==== Records for this exercise

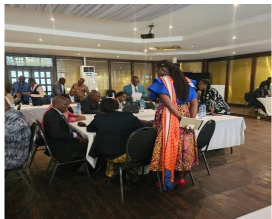
Focus group avec les représentants hommes des service étatiques à Kinshasa
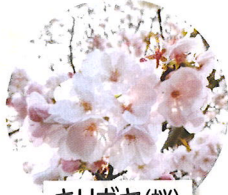
キリガヤ(桜) 4月上旬頃
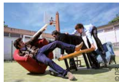
Compagnie La Mob à Sisyphé

(École Municipale de Musique) / Église Saint Etienne
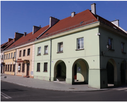
Rynkowe kamieniczki z XVIII i XIX wieku

Kolejne kroki kierujemy w stronę ulicy Księcia Józefa Poniatowskiego. U zbiegu z ulicą Osiedlową zobaczymy zabytkowy budynek z czerwonej cegły z końca XIX wieku, w którym działa Zespół Szkół Specjalnych. Idąc dalej tą samą ulicą dojrzymy do placu przy kościele pw. św. Mikołaja, na którym stoi kolumna Maryjna z 1919 roku. Oczywiście warto udać się do samej świątyni, która ma niezwykle ciekawą i długą historię. Kościół był wspominany w dokumentach już w 1256 roku, a jego pierwotnym patronem był św. Paweł (natomiast św. Mikołaj patronuje kościołowi od 1412 roku). W 1450 roku stara drewniana świątynia zastąpiona została murowaną, w stylu gotyckim. W latach 1560-1627 kościół był w rękach protestantów. Budynek został zniszczony podczas wspomnianego już wielkiego pożaru miasta w 1822 roku. Po tym wydarzeniu kościół odrestaurowano, zmieniając jego wystrój na barokowy, pozostawiając jednak elementy neogotyckie. Pozostałości kościoła z XV wieku znajdziemy pomiędzy ołtarzem głównym a amboną. Z pożogi pożaru uratowano jedynie ołtarz św. Jana Nepomucena z XVI wieku, reszta to sprzęty z czasów odbudowy. Do innych zabytkowych części wyposażenia kościoła należą: drewniany ołtarz główny z centralnie ustawioną figurą patrona kościoła w otoczeniu Apostołów św. Piotra i św. Pawła, ambona, krzyż
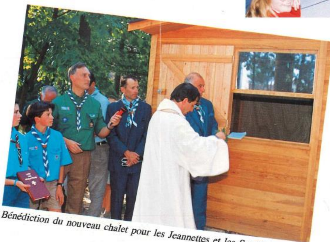
Bénédictio du nouveau chalet pour les Jeannettes et les Scouts.
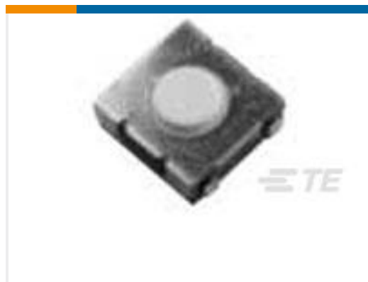
TE 产品编号1571626-6 TACT,SMT,GULL WING,160GF,T&R
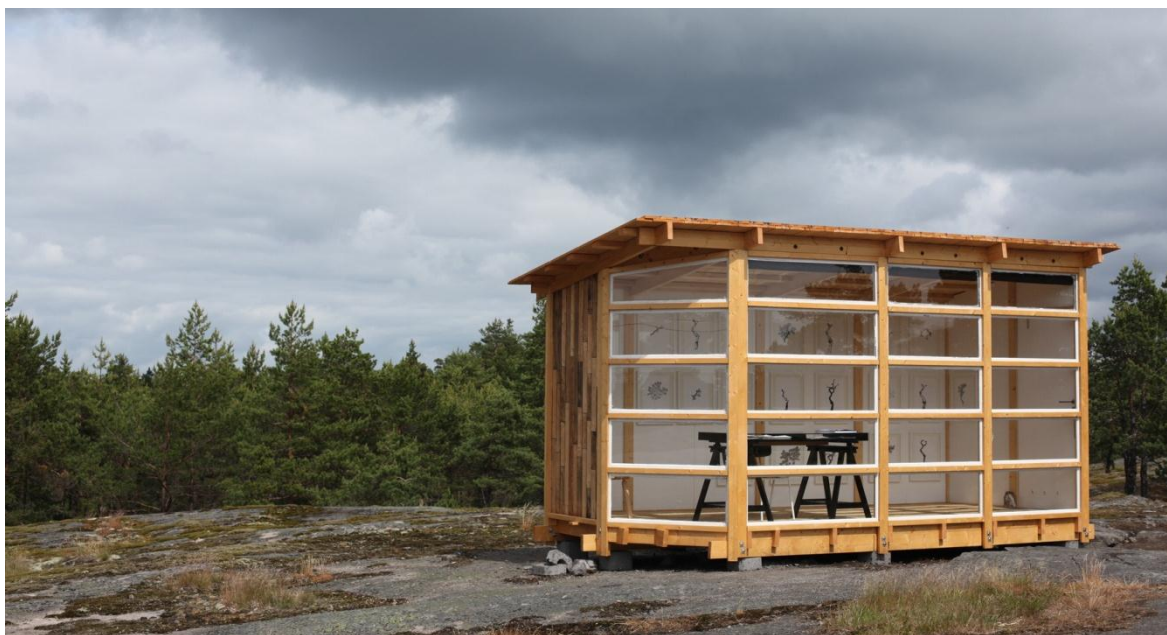
Sandra Nybergs verk "ECONtainer"

Nybergs verk "ECONtainer" är ett verk, som in sin fysiska skepnad är en cirka tio kvadratmeter stor byggnad i trä och glas byggd med gamla metoder utan skruv och spik. Byggnaden är en installation, ett mobilt arbetsutrymme och galleri. Byggnaden består av isärtagbara element. Nyberg uppförde byggnaden i Rumar, Korpo i april 2011 och reste sedan, en månads tid, från sitt hem i Pargas för att tillbringa åtta timmars arbetsdagar i byggnaden.
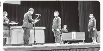
各種表彰の受賞者の皆さん、おめでとうございます。
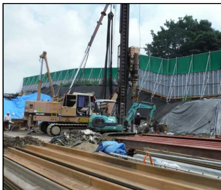
①有害物掘削除去工
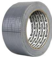
Cinta para Ducto 10M Aksi
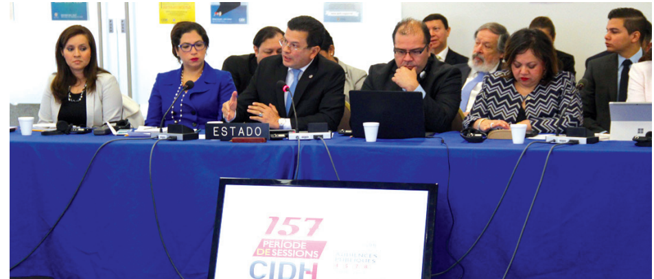
En representación del Gobierno de El Salvador, el ministro de la Relaciones Exteriores, Hugo Martínez, asistió al 157 período de sesiones en la sede de la Comisión Interamericana de Derechos Humanos en Washington D.C. Estados Unidos.

En abril de 2016, el ministro de Relaciones Exteriores, Hugo Martínez, presidió la comitiva del Gobierno de El Salvador que asistió al 157 período de sesiones en la sede de la CIDH en
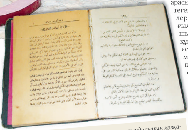
Әбу Насыр әл-Фарабидің «Ізгі қала тұрғындарының көзқарасы туралы» трактатының айқара беті. Мысырдың «Ніл» баспасы, 1907 жыл. Бұл трактатта «Әбу Насыр әл-Фараби Фарабта туған» деп қадап жазылған

Тақырыптың экспозициялық шарты оның музейлік заттармен қамтамасыз етілуі десек, мұражай қорында тас дәуірінің тарихына қатысты Отырар шұратындағы Жаңашілік-1-3 тұрақтарынан табылған тастан жасалған құрал-саймандар, палеометалл, қола, ерте темір дәуірінің тарихына қатысты дәнүккіш, тас келсап, қыш тостаған, қыш саптыақтар, құмыра, таңбалы тас, балбал тас, Қорқыт

========

**Your task**: Begin at the first line of the data above and repeat each line exactly, stopping after the line containing "Rynkowe kamieniczki z XVIII i XIX wieku". Omit the pictures.

**Written response**:
Focus group avec les représentants hommes des service étatiques à Kinshasa
キリガヤ(桜) 4月上旬頃
Compagnie La Mob à Sisyphé

(École Municipale de Musique) / Église Saint Etienne
Rynkowe kamieniczki z XVIII i XIX wieku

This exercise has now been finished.